Work task:
When you repeat the material, keep each line exact and omit the pictures.

Information provided:
/---
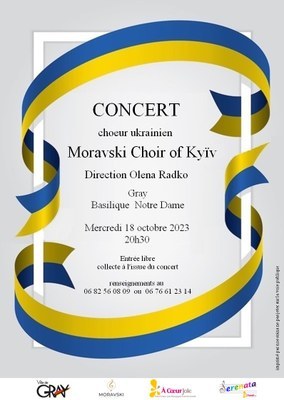 MERCREDI 18 OCTOBRE - 20H30 - CONCERT À LA BASILIQUE - MORAVSKI CHOIR OF KIEV Quand le 18/10/2023 de 20h30 à 22h00 Où Basilique de Gray Ajouter l'événement au calendrier vCal iCal Morovski Choir of Kiev à 20h30 à la basilique de Gray En savoir plus
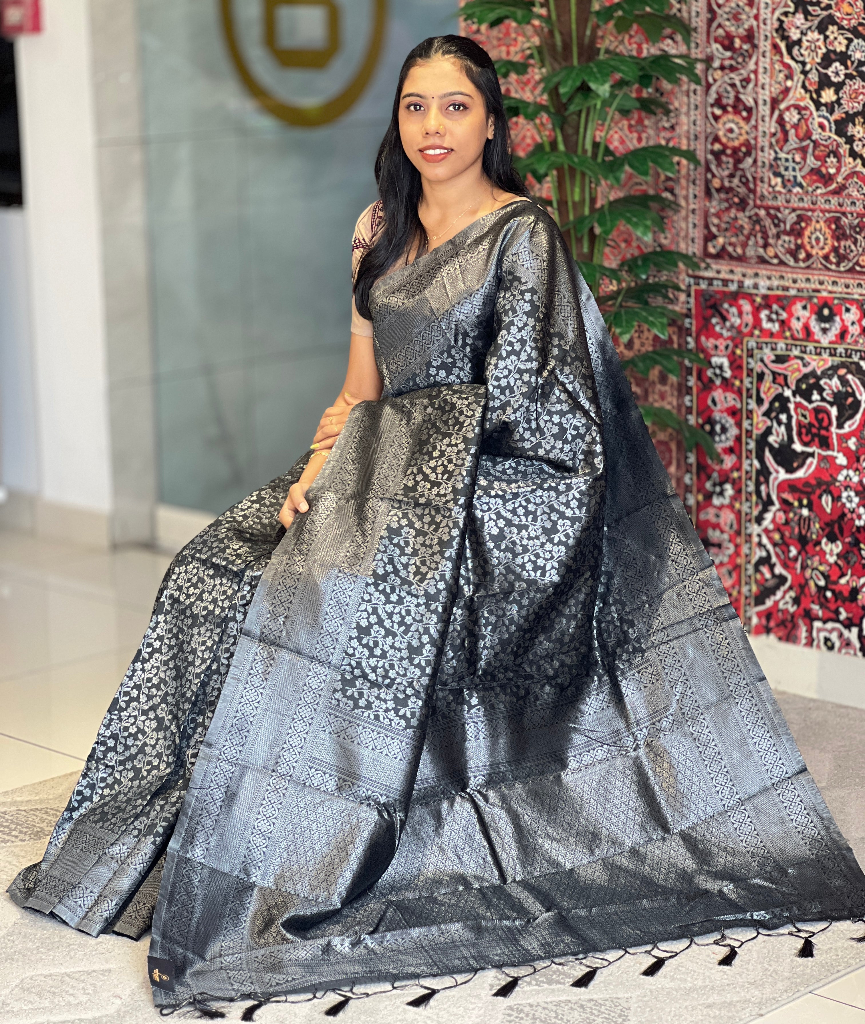 • Style: Silver Zari & Thread Weaved, Brocade Floral Pattern, Traditional Borders, Geometric Patterned Pallu, Tassels Detailing
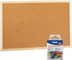 Prikbord van kurk met gekleurde punaises 60 x 40 cm. Kurken prikbord met houten omlijsting, ongeveer 2 x 60 x 40 cm groot. U ontvangt 1 prikbord en een doosje van 40 gekleurde punaises.
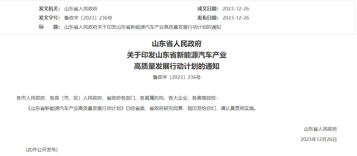 12月26日,山東省人民政府發布關于印發《山東省新能源汽車產業高質量發展行動計劃》的通知。
\---
Solution:
 MERCREDI 18 OCTOBRE - 20H30 - CONCERT À LA BASILIQUE - MORAVSKI CHOIR OF KIEV Quand le 18/10/2023 de 20h30 à 22h00 Où Basilique de Gray Ajouter l'événement au calendrier vCal iCal Morovski Choir of Kiev à 20h30 à la basilique de Gray En savoir plus
 • Style: Silver Zari & Thread Weaved, Brocade Floral Pattern, Traditional Borders, Geometric Patterned Pallu, Tassels Detailing
 Prikbord van kurk met gekleurde punaises 60 x 40 cm. Kurken prikbord met houten omlijsting, ongeveer 2 x 60 x 40 cm groot. U ontvangt 1 prikbord en een doosje van 40 gekleurde punaises.
 12月26日,山東省人民政府發布關于印發《山東省新能源汽車產業高質量發展行動計劃》的通知。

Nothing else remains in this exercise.